A reader who has no explicit interest in Groebner Bases might want to skip this section. Readers who lack background in Gröbner Basis may want to read [CLS]. This section does indicate what underlies the simlification commands in Chapter 9. For more on the subject see 10.2.
Before making a Gröbner Basis, one must declare which variables will be used during the computation and must declare a “monomial order” which can be done using the commands described in Chapter 18. A user does not need to know theoretical background related to monomials orders. Indeed, as we shall see in Chapter 14, for many engineering problems, it suffices to know which variables correspond to quantities which are known and which variables correspond to quantities which are unknown. If one is solving for a variable or desires to prove that a certain quantity is zero, then one would want to view that variable as unknown. For simple mathematical problems, one can take all of the variables to be known.
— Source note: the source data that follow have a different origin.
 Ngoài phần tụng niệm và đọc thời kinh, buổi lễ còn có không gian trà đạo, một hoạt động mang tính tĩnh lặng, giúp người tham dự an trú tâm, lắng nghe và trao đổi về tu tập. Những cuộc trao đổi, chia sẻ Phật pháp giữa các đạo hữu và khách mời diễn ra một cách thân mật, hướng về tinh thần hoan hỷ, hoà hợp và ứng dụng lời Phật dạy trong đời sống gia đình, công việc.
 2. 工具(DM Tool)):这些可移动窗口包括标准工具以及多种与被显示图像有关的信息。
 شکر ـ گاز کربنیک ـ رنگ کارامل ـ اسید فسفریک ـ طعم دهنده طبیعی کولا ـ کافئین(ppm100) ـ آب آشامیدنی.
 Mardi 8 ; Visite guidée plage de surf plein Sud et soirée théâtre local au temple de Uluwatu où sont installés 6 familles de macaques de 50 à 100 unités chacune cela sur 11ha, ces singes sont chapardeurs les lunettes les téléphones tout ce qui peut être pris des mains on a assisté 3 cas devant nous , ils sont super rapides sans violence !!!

At this point in the exposition we assume that we have set a monomial order.
In[1]:= <<NCGB.m
In[2]:= SetNonCommutative[a,b,x,y] In[3]:= SetMonomialOrder[a,b,x,y] In[4]:= ourGB = NCMakeGB[{y**x - a, y**x - b, x**x - a, x**x**x - b}, 10] |
The result is:
Out[5]= {-a+x**x,-a+b,-a+y**x,-a+a**x,-a+x**a,-a+y**a,-a+a**a}
|
Our favorite format (as can be seen from the output to the screen) for displaying lists of relations is ColumnForm.
In[5]:= ColumnForm[%]
Out[5]= -a + x ** x -a + b -a + y ** x -a + a ** x -a + x ** a -a + y ** a -a + a ** a |
Someone not familiar with GB’s might find it instructive to note this output GB triangularizes the input equations to the extent that we have a compatibility condition on a, namely a2 -a = 0; we can solve for b in terms of a; there is one equation involving only y and a; and there are three equations involving only x and a. Thus if we were in a concrete situation with a and b, given matrices, and x and y, unknown matrices we would expect to be able to solve for large pieces of x and y independently and then plug them into the remaining equation yx - a = 0 to get a compatibility condition.